Reproduce the material below line by line, beginning with its first line and ending with the line that contains "a piece of kiln"; leave out pictures.

* * * * * * * * *

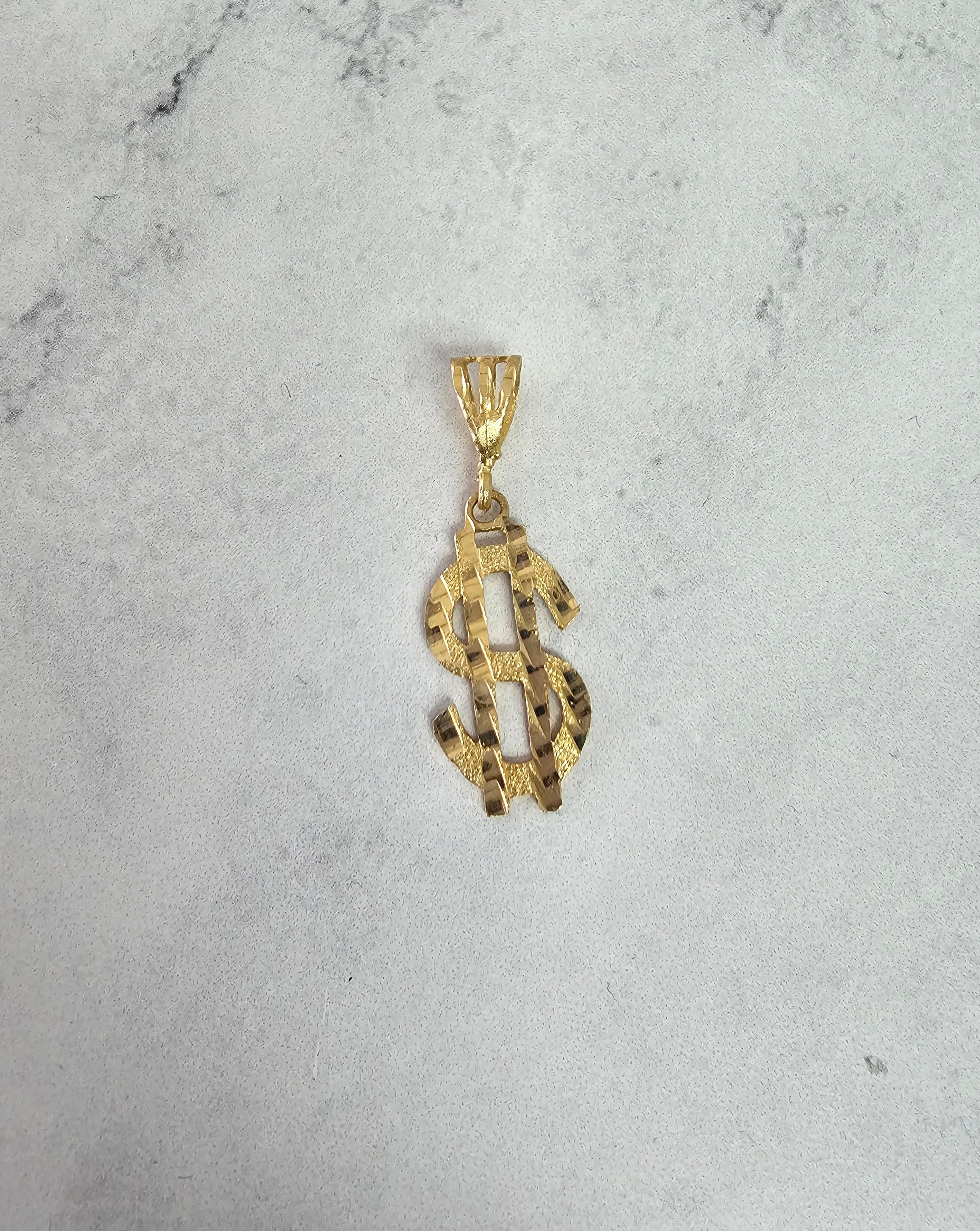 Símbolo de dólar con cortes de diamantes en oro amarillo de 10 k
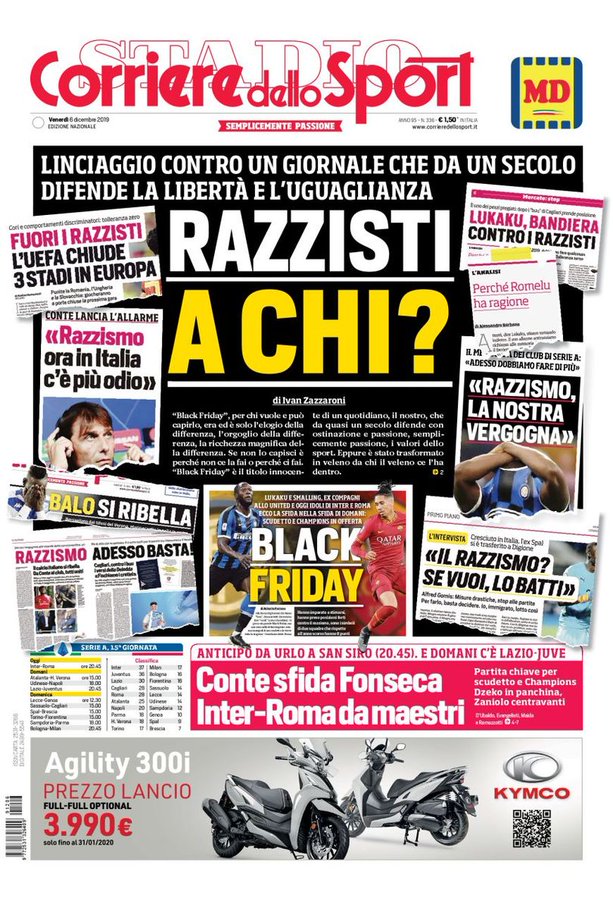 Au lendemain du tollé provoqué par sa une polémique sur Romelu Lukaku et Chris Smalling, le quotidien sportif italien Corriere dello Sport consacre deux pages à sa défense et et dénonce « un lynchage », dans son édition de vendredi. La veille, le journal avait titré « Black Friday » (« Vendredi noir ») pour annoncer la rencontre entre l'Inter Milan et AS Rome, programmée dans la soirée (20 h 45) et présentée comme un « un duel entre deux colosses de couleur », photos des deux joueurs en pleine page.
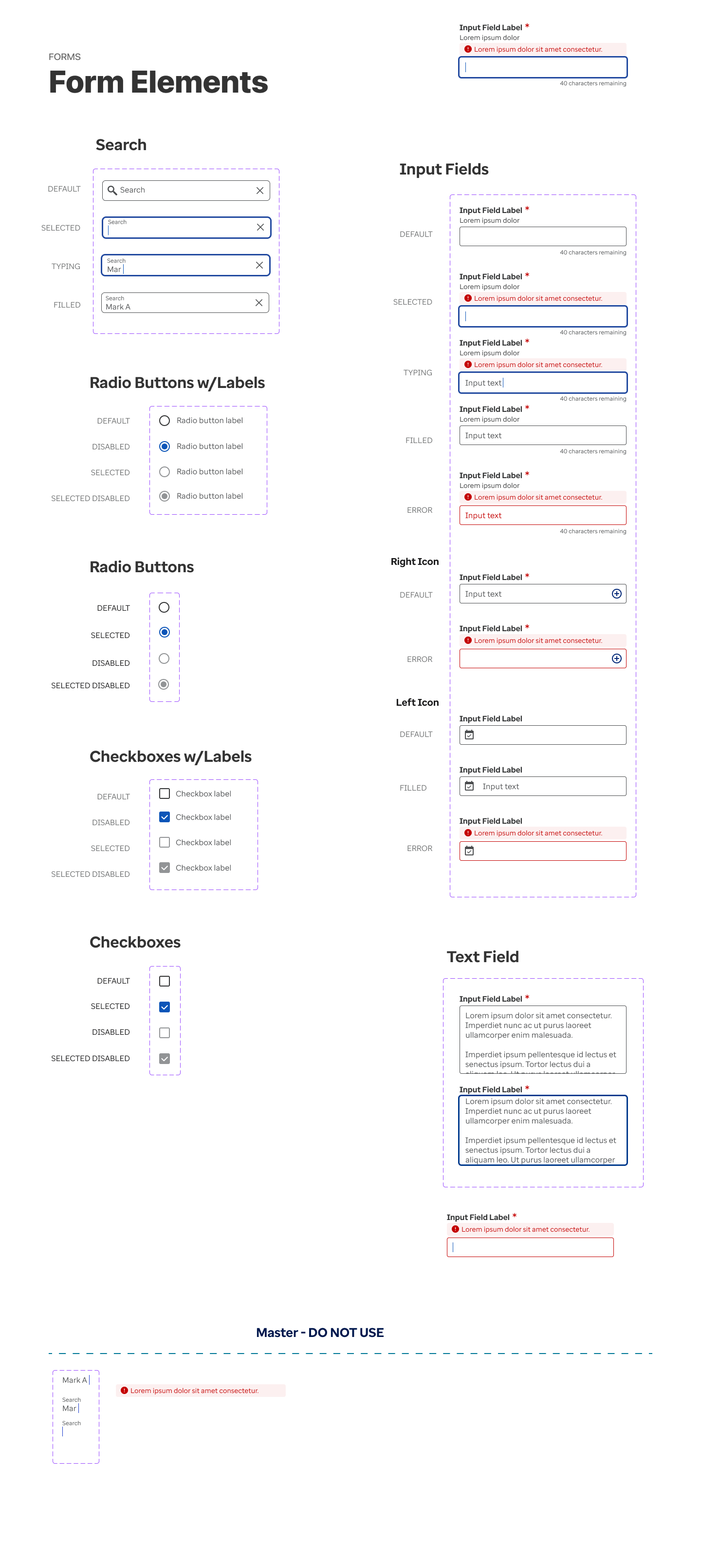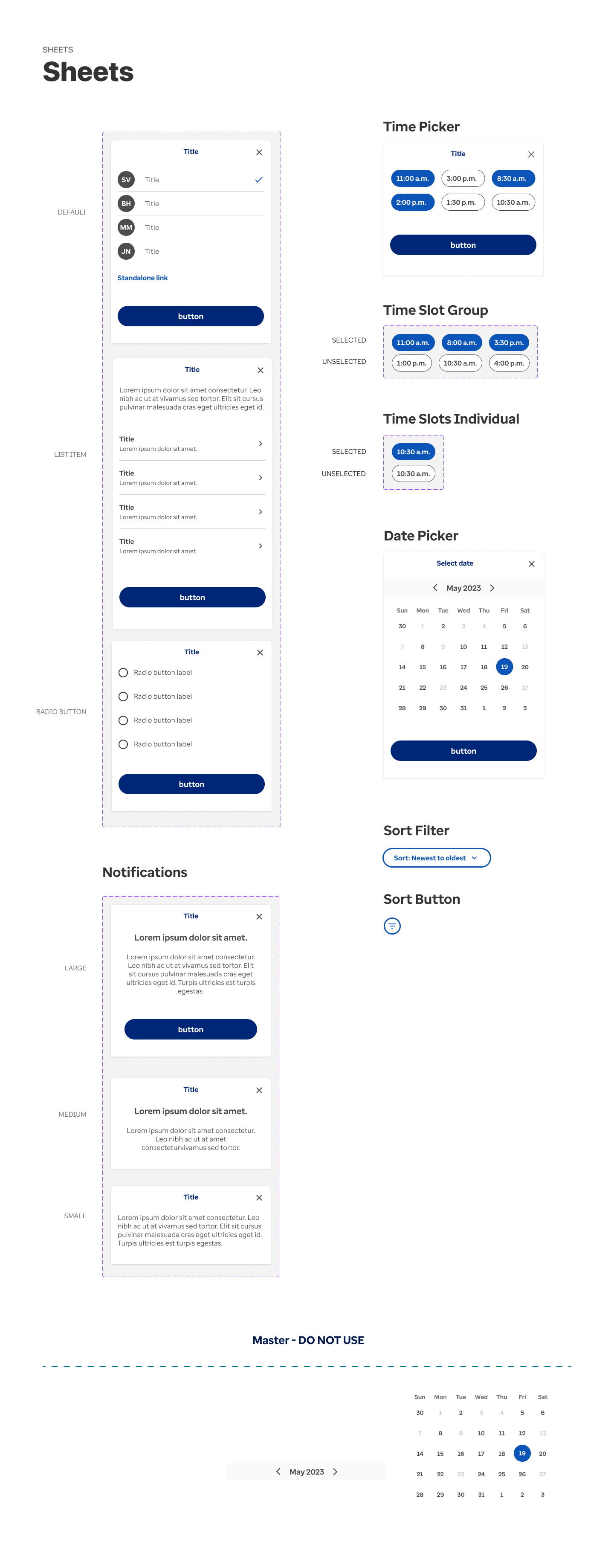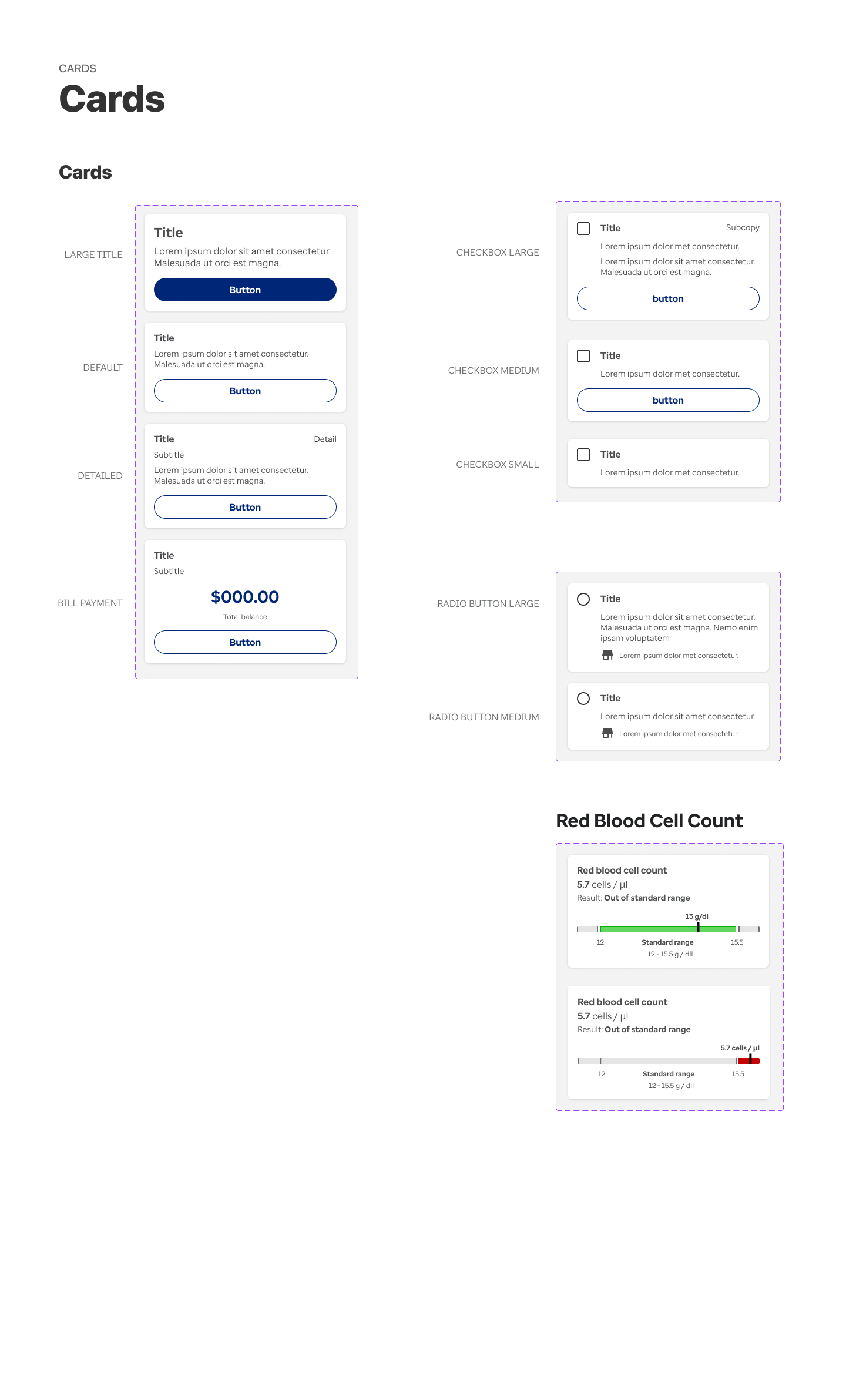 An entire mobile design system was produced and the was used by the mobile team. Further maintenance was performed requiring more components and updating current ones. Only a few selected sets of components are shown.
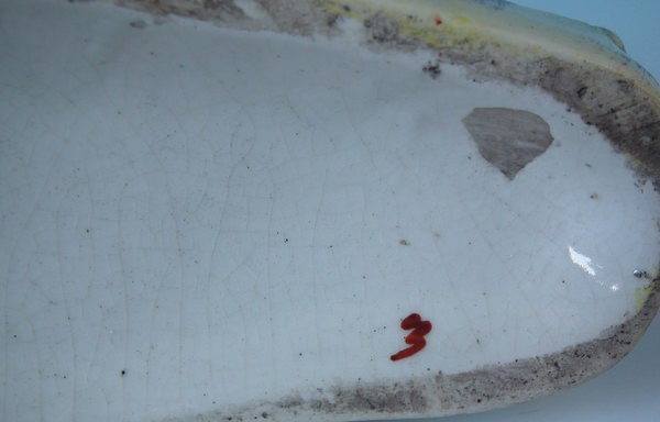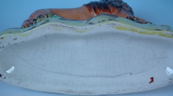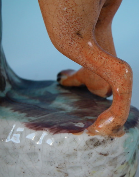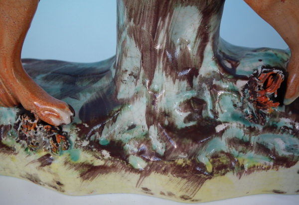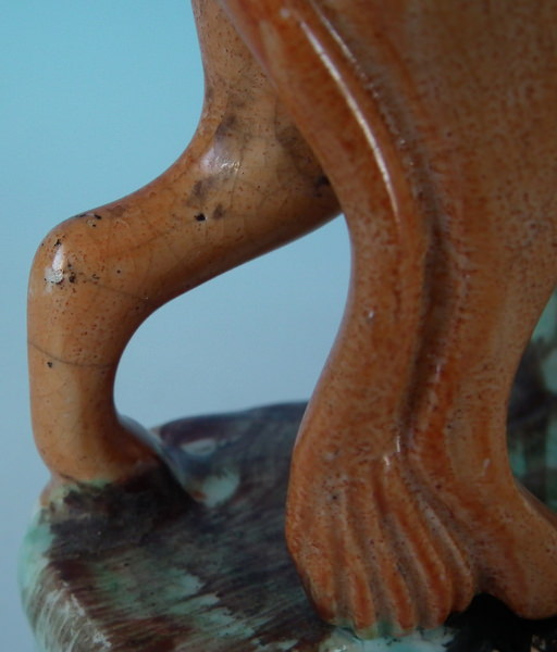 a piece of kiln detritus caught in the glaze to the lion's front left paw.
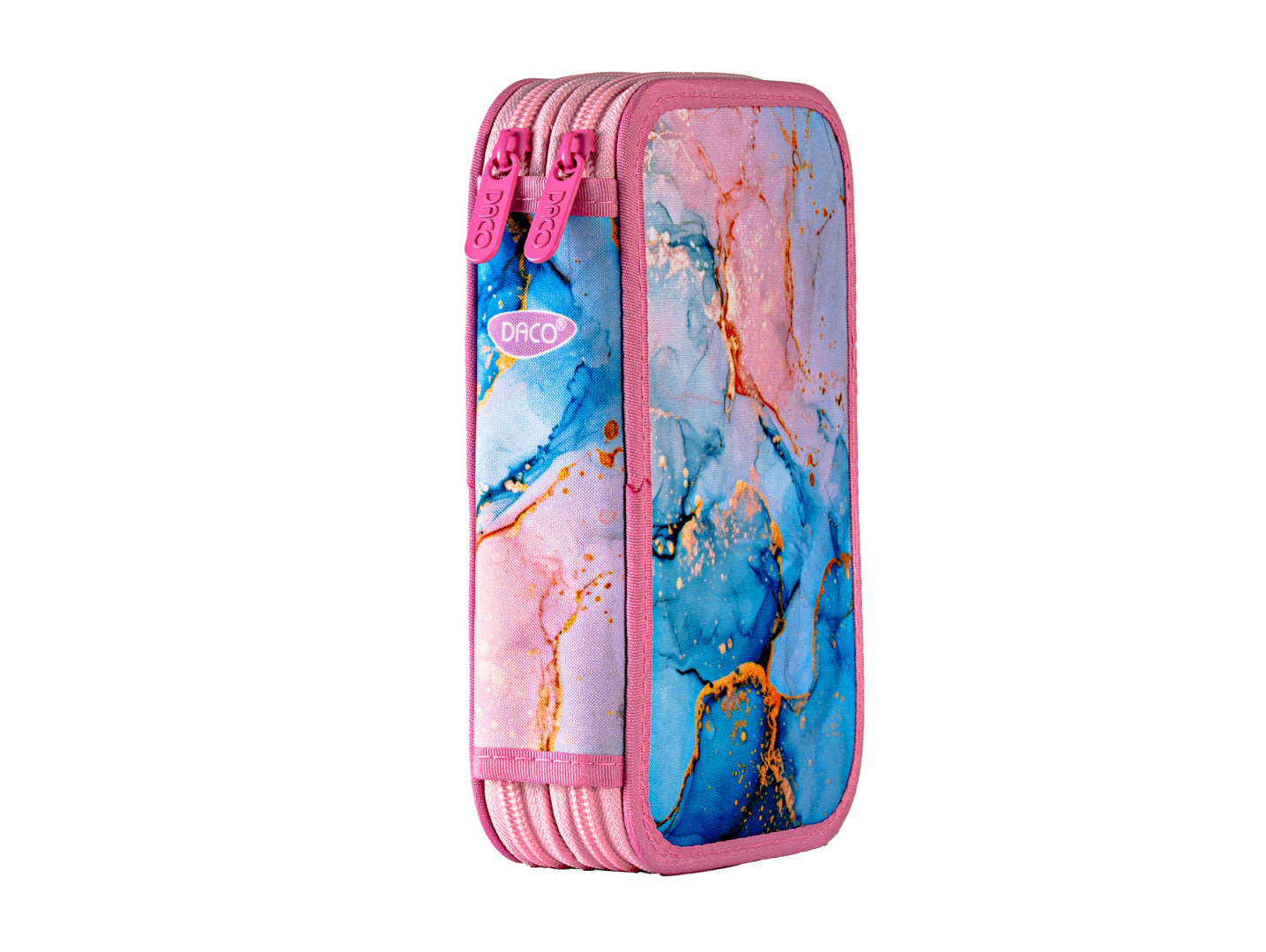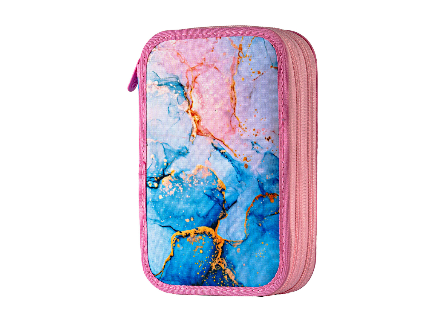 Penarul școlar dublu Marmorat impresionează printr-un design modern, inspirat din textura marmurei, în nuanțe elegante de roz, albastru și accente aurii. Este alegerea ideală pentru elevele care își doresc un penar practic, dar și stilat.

* * * * * * * * *

* Solution to this problem *
 Símbolo de dólar con cortes de diamantes en oro amarillo de 10 k
 Au lendemain du tollé provoqué par sa une polémique sur Romelu Lukaku et Chris Smalling, le quotidien sportif italien Corriere dello Sport consacre deux pages à sa défense et et dénonce « un lynchage », dans son édition de vendredi. La veille, le journal avait titré « Black Friday » (« Vendredi noir ») pour annoncer la rencontre entre l'Inter Milan et AS Rome, programmée dans la soirée (20 h 45) et présentée comme un « un duel entre deux colosses de couleur », photos des deux joueurs en pleine page.
 An entire mobile design system was produced and the was used by the mobile team. Further maintenance was performed requiring more components and updating current ones. Only a few selected sets of components are shown.
 a piece of kiln detritus caught in the glaze to the lion's front left paw.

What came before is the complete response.